* **Stored data entries**:
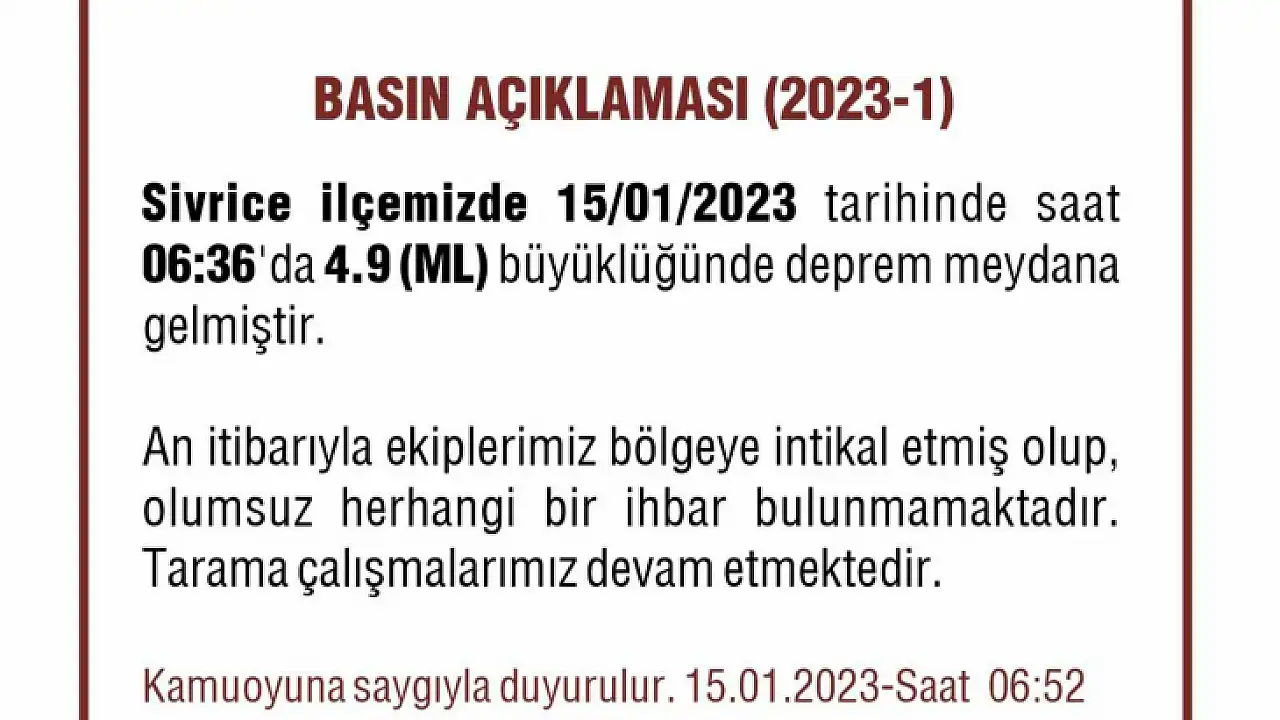 Afet ve Acil Durum Yönetimi Başkanlığı Deprem Dairesi Başkanlığından alınan bilgiye göre, saat 06.36’de merkez üssü Elazığ’ın Sivrice ilçesinde 4.9 büyüklüğünde deprem meydana geldi. Yerin yaklaşık 17 kilometre derinliğinde meydana gelen depremle ilgili olumsuz bir durum yaşanmadığı öğrenildi.
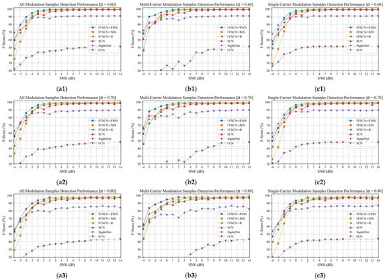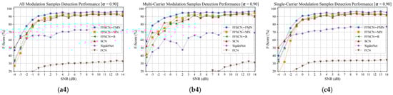 The multi-carrier and single-carrier modulation signal detection performances of our proposed FFSCN models and other deep-learning-based methods: (a1–a4) all modulation samples’ detection performance; (b1–b4) multi-carrier modulation samples’ detection performance; (c1–c4) single-carrier modulation samples’ detection performance. denotes the IoU threshold and increases from 0.6 to 0.9 from (1) to (4).
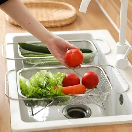 Generic - مصفاة حوض المطبخ وسلة فلتر من الستانلس ستيل، تصميم شبكي دقيق قابل للتوسيع لغسل الخضروات والفواكه وتجفيف الاطباق
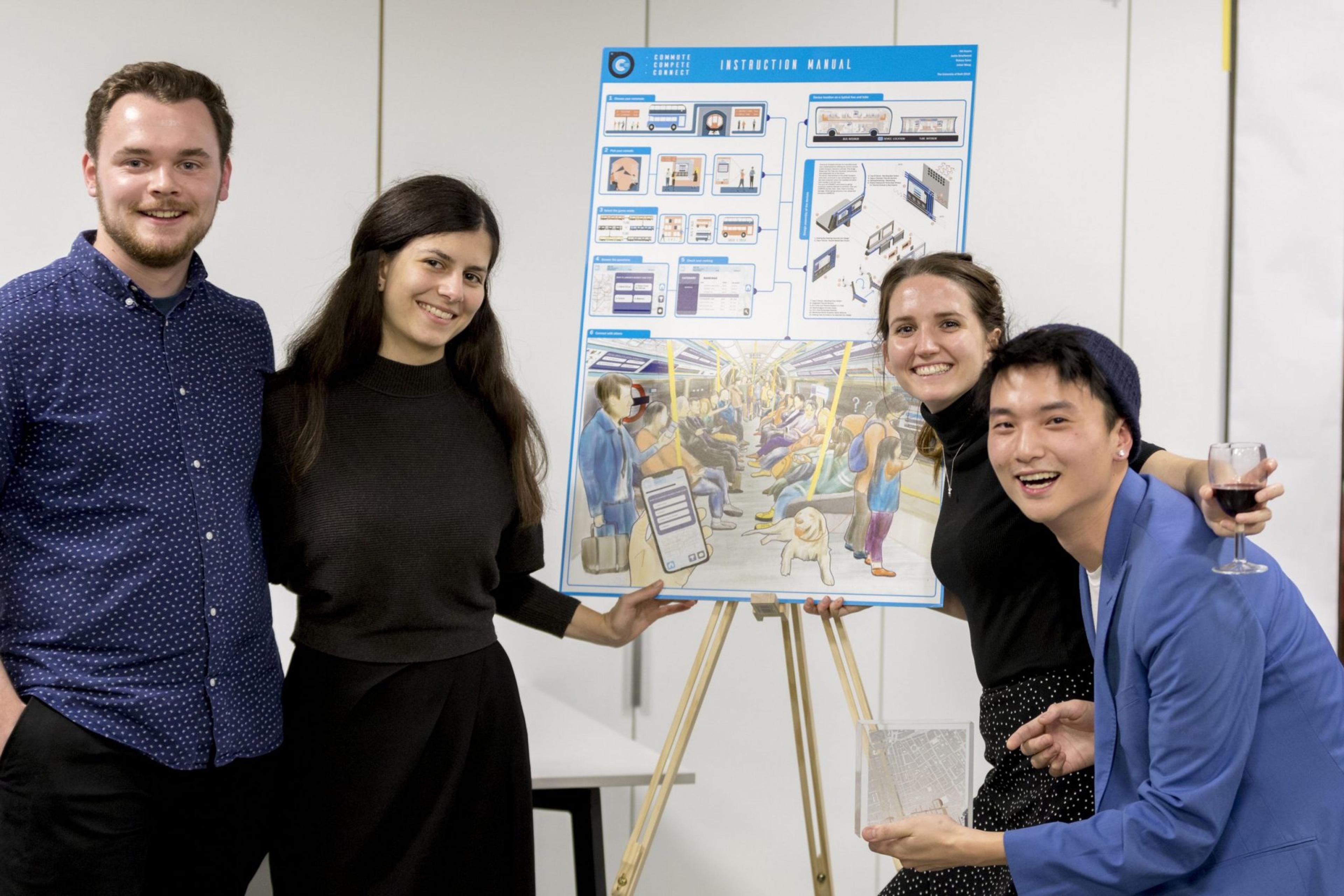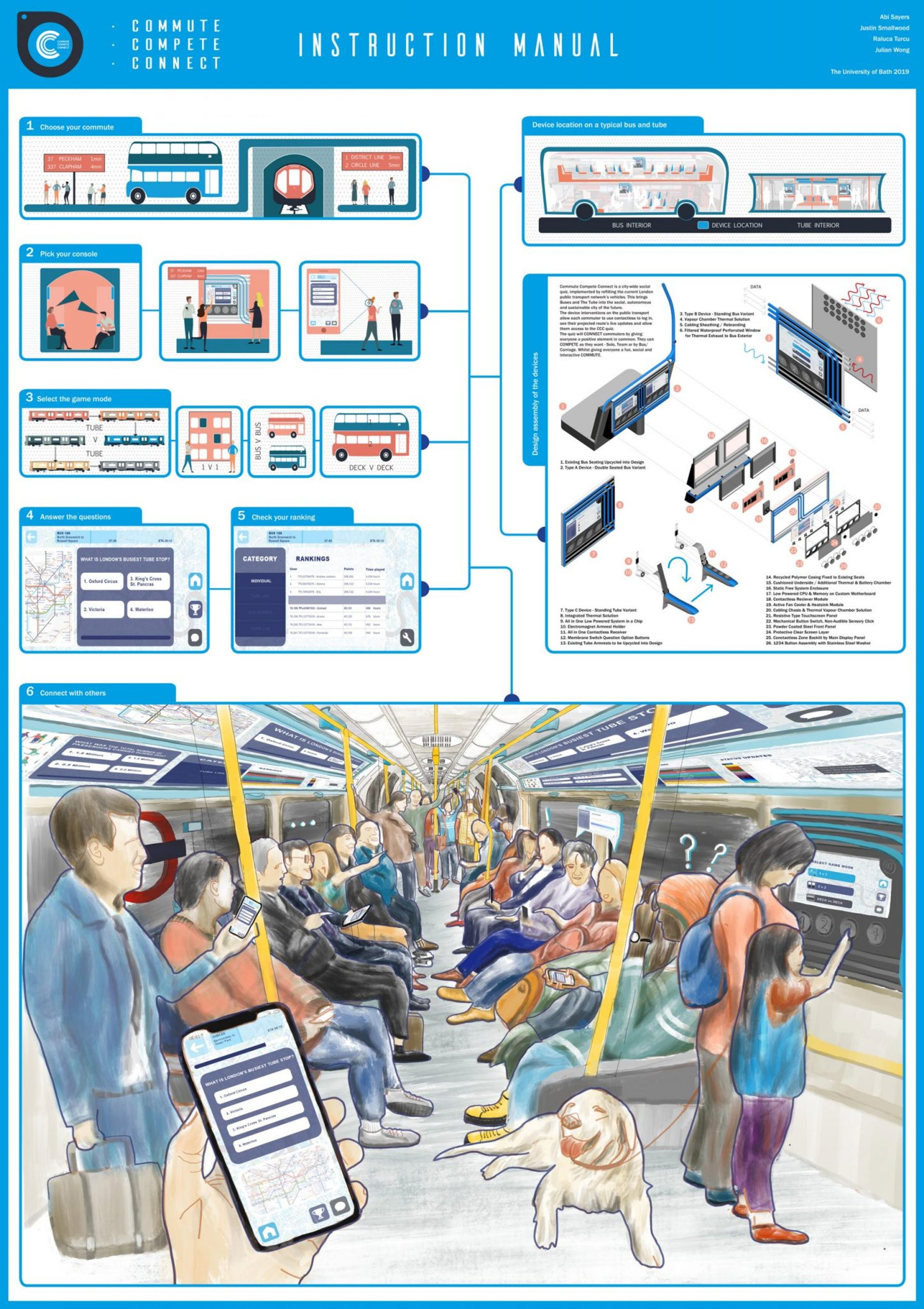 Their idea centred on a London-wide social quiz, implemented by device interventions on public transport, to allow people to connect and inject fun and interactivity into the daily commute. Commuters compete individually, as a team or by bus/Tube carriage, united in a positive game.
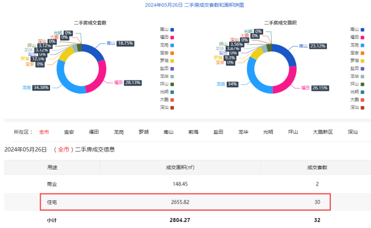 2024年5月26日二手房住宅网签30套。宝安0套;福田9套;龙岗9套;罗湖4套;南山6套;盐田0套;龙华1套;光明0套;坪山1套;大鹏0套。

* **Your assignment**: The copy must match every line of the data exactly and contain no pictures.

* **Exercise answer**:
 Afet ve Acil Durum Yönetimi Başkanlığı Deprem Dairesi Başkanlığından alınan bilgiye göre, saat 06.36’de merkez üssü Elazığ’ın Sivrice ilçesinde 4.9 büyüklüğünde deprem meydana geldi. Yerin yaklaşık 17 kilometre derinliğinde meydana gelen depremle ilgili olumsuz bir durum yaşanmadığı öğrenildi.
 The multi-carrier and single-carrier modulation signal detection performances of our proposed FFSCN models and other deep-learning-based methods: (a1–a4) all modulation samples’ detection performance; (b1–b4) multi-carrier modulation samples’ detection performance; (c1–c4) single-carrier modulation samples’ detection performance. denotes the IoU threshold and increases from 0.6 to 0.9 from (1) to (4).
 Generic - مصفاة حوض المطبخ وسلة فلتر من الستانلس ستيل، تصميم شبكي دقيق قابل للتوسيع لغسل الخضروات والفواكه وتجفيف الاطباق
 Their idea centred on a London-wide social quiz, implemented by device interventions on public transport, to allow people to connect and inject fun and interactivity into the daily commute. Commuters compete individually, as a team or by bus/Tube carriage, united in a positive game.
 2024年5月26日二手房住宅网签30套。宝安0套;福田9套;龙岗9套;罗湖4套;南山6套;盐田0套;龙华1套;光明0套;坪山1套;大鹏0套。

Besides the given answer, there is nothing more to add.